# Scottish Time Trials - what do I need and how to enter ?



## Flick of the Elbow (31 Jan 2016)

I'm toying with the idea of riding some TT's this year but after various perusals of the Scottish Cycling website I'm a bit lost, not least because SC seems to class time trials the same as road races and every link seems to put you onto the BC road racing calendar.
Anyway, my questions...
Do I need to be a BC member and if so what metal ?
Do I need a licence and if so provisional or full ?
How do I enter ? Is there a postal form or do I have to pay the £1 extra to enter online ?
How does the SVTTA fit in ?
Are there any other TT's other than those promoted under SC rules ? 

(Life was an awful lot simpler - and cheaper ! - riding RTTC events in England 30 years ago...)


----------



## screenman (31 Jan 2016)

Have you thought of joining a club? that way you can ride them and maybe help on one to put a little back.


----------



## Flick of the Elbow (31 Jan 2016)

Yes I'm in a club. Don't want to ask on the club forum as I'm just toying with the idea at the mo.
And yes I've more than paid my dues over the years re putting a little back.


----------



## screenman (31 Jan 2016)

Flick of the Elbow said:


> Yes I'm in a club. Don't want to ask on the club forum as I'm just toying with the idea at the mo.
> And yes I've more than paid my dues over the years re putting a little back.

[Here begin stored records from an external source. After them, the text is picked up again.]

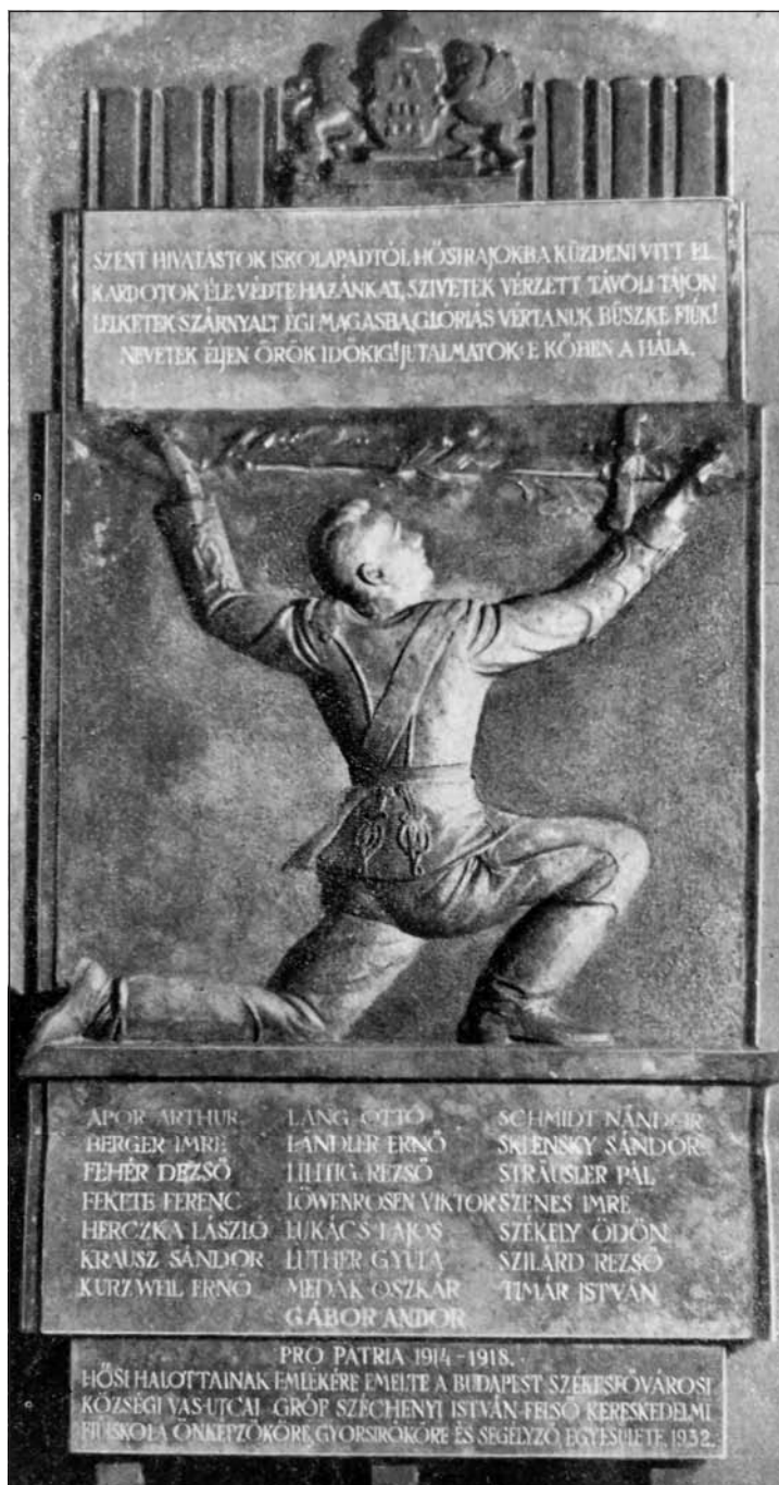
A Vas utcai Felsőkereskedelmi Fiúiskola hősi emlékműve (archív)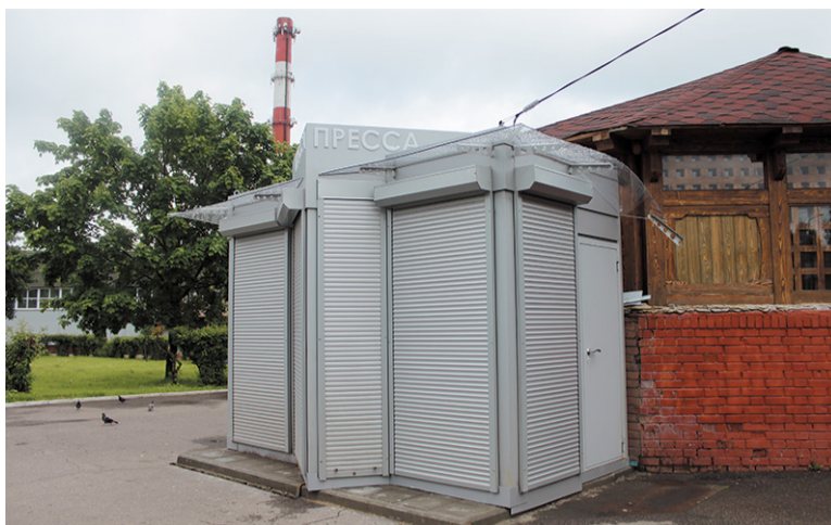
Новые киоски готовы к работе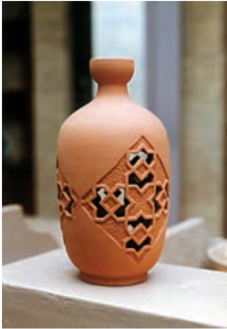
تصویر ۴- تزیین بدنه به روش نقش بریده (مشبک)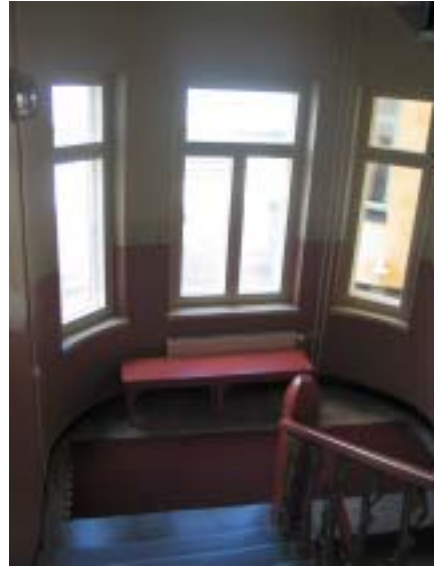
Hovioikeudenpuistikko 5 A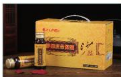
沙棘复合原浆(玻璃瓶装) 净含量: 500ml/ 盒 规格: 50ml×10 瓶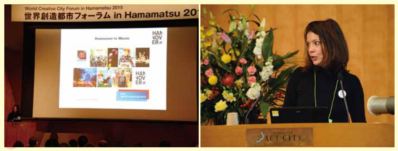
スーパープレゼンテーション Super-presentations ハノーバー Hannover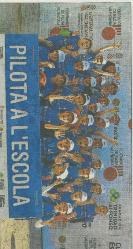
CEIP Emili Lluna-Muro. FEDPIVAL

Good to hear, as you know many do not.


----------



## HLaB (14 Feb 2016)

@Flick of the Elbow You need BC silver or its costly and you have to buy a day licence. The ones I did you paid the organiser on the night (FCA) but I think the more popular ones like Corrieris you have to enter on line and apply for a place. That was 4years ago so entry/payment might have changed.


----------



## oldroadman (20 Feb 2016)

SCU runs TT in Scotland. CTT are looking for a foothold but wisely SCU are in charge in the main. All their events are listed on the BC website, alongside road races, sportives registered with BC. Just search on a date and location/key words. Shame BC don't run TT in England and Wales, maybe there would be less obsession with "fast" (often dangerous with traffic) courses, and more focus on winning/bettering your own performance.


----------



## iandg (20 Feb 2016)

Does your cycle club run 'club confined time trials'? Having SC race membership is not essential for these but is recommended, however the organising club may have a club rule that insists on you having liability insurance through SC.

https://www.britishcycling.org.uk/z...lub_confined_events_-_guidance_v4.0_FINAL.pdf


----------